Here, perhaps, is another “heroic virtue” to add to his passion for truth: with very few exceptions, he really did actually love his enemies. In controversy, no matter how fierce, as Belloc noted, “he seemed always to be in a mood not only of comprehension for his opponent but of admiration for some quality in him... it was this in him which made him, with other qualities, so universally beloved.” “Universally beloved” is no mere obituary cliché. At his funeral, the streets of Beaconsfield were lined with mourners: the police asked if the funeral cortege could take a longer route from the church to the cemetery, so that more people might “have a chance to say goodbye to Mr Chesterton”. He was especially loved by children.
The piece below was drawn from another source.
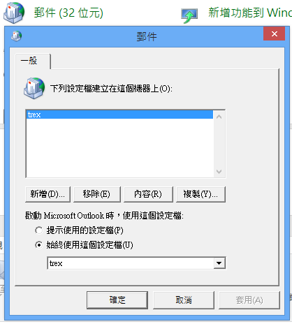 狀況:每次開啟outlook 2010 都卡在"選擇設定檔"的畫面設定方式:1. 打開控制台 2. 改成圖示顯示,找到 “郵件(32位元)”3. 打開後按 “顯示設定檔” 4. 點選為 "@始終使用這個設定檔" 然後按確定離開。 2014/04/17
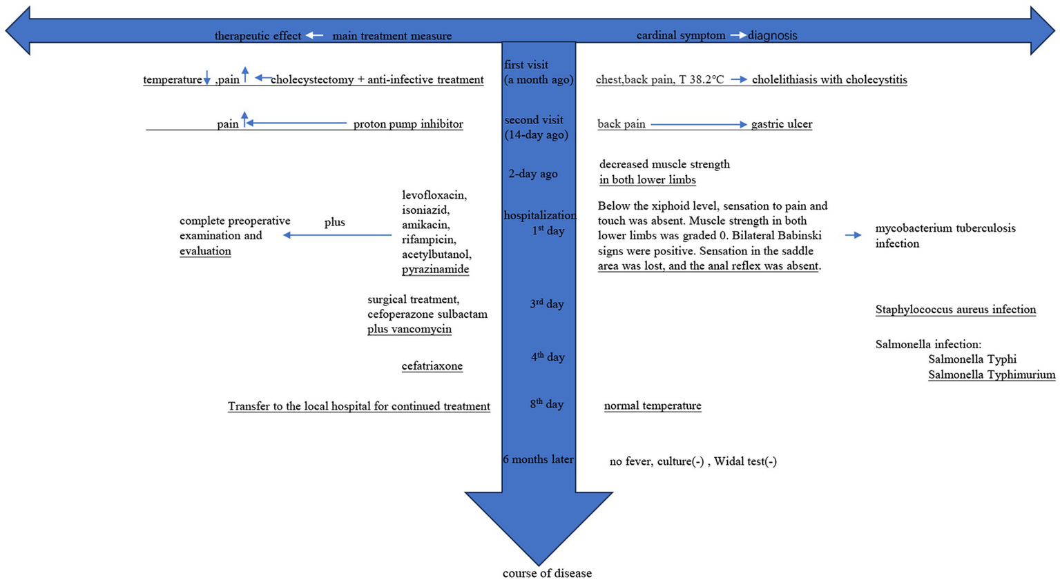 On the fourth day of admission, 65 reads were identified as Salmonella enterica serovar Typhimurium and 19 reads were identified as Salmonella enterica serovar Typhi, and this result was also supported by the polymerase chain reaction (PCR) verification. Based on the results of domestic epidemiological investigations, the anti-infection treatment plan was adjusted to ceftriaxone (1). The patient’s temperature and inflammatory markers showed a trend of improvement, and she was subsequently transferred to a local hospital for continued treatment. Approximately 6 months later, follow-up revealed no fever, and stool culture and agglutination tests were negative, and no clinical sign of recurrence was observed in the spine (Figure 2).

He and his wife, Frances, had been unable to have children, but he gave a children’s party every year from which adults were rigorously excluded. One parent (somewhat miffed by his exclusion) asked his daughter if Mr Chesterton really was as clever as everyone said. “Oh yes,” came the enthusiastic reply, “you should see him catching buns in his mouth.” A G Gardiner, editor of the Daily News (in which for many years Chesterton wrote a column), described him as having “the freshness and directness of the child’s vision... He lived in a world of romance... [in] the days when the horn of Roland echoed again through Roncesvalles, and Lancelot pricked forth to the joust, and Above all he was seized by what he called “the Romance of Orthodoxy”; for him, “Catholic truth” was a glittering sword liberating the captives of rationalism and the servile state.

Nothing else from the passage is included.